Film Tunggu Aku Sukses Nanti, Potret Realita Kelas Menengah yang Hangat di Momen Lebaran
Selasa, 14 April 2026 15:00 WIBOleh Tim Redaksi
Naya Anindita menghadirkan sebuah karya sinematik berjudul Tunggu Aku Sukses Nanti yang menjadi persembahan bagi mereka yang merasa Lebaran bukanlah sekadar perayaan ceria. Film ini menyoroti perjuangan Arga, diperankan oleh Ardit Erwandha, dalam menghadapi dinamika keluarga besar yang sering kali kurang memberikan dukungan moral di tengah kesulitan finansial.
Melalui naskah yang disusun Evelyn Afnilia, penonton disuguhi gambaran keluarga yang sangat akrab dengan keseharian masyarakat Indonesia. Sosok Arga digambarkan sebagai pemuda yang harus menelan sindiran pedas dari kerabat, terutama Tante Yuli yang diperankan Sarah Sechan, mengenai status penganggurannya. Tekanan tersebut semakin berat karena ayahnya yang diperankan Ariyo Wahab baru saja kehilangan pekerjaan, sementara usaha warung mie ayam ibunya yang diperankan Lulu Tobing tidak mengalami kemajuan signifikan.
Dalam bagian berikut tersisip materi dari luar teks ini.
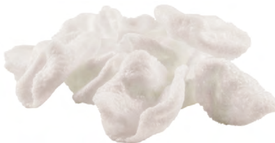
06 · NUVOLETTE DI DRAGO | € 2,50 Croccanti chips di tapioca e frutti di mare allergeni: 1-2

Karakter Arga tampil manusiawi dengan segala kekurangannya, termasuk saat ia merasa bingung dalam mencari pekerjaan hingga ditegur oleh dua sahabatnya, Fanny dan Wicak. Namun, suasana berubah penuh haru ketika Arga akhirnya diterima bekerja di perusahaan properti dan berhasil meningkatkan saldo tabungannya secara drastis, sebuah momen yang berhasil memancing reaksi emosional penonton.
Kekuatan film ini terletak pada jajaran pemainnya yang mampu menghantarkan rasa dengan apik. Ekspresi pahit-manis dari Ardit Erwandha, reaksi haru Lulu Tobing saat menerima gaji pertama putranya, hingga pelukan emosional dari Niniek L. Karim sebagai nenek, menjadi poin penting dalam membangun kedekatan dengan penonton kelas menengah.
Meskipun terdapat beberapa catatan mengenai resolusi konflik di bagian akhir yang dianggap terlalu bergantung pada kebetulan, film ini tetap dinilai sebagai tontonan yang tepat untuk dinikmati bersama keluarga. Tunggu Aku Sukses Nanti berhasil merangkum kenangan suka dan duka dalam momen Idul Fitri melalui tetesan air mata dan senyum syukur sang tokoh utama di penghujung cerita.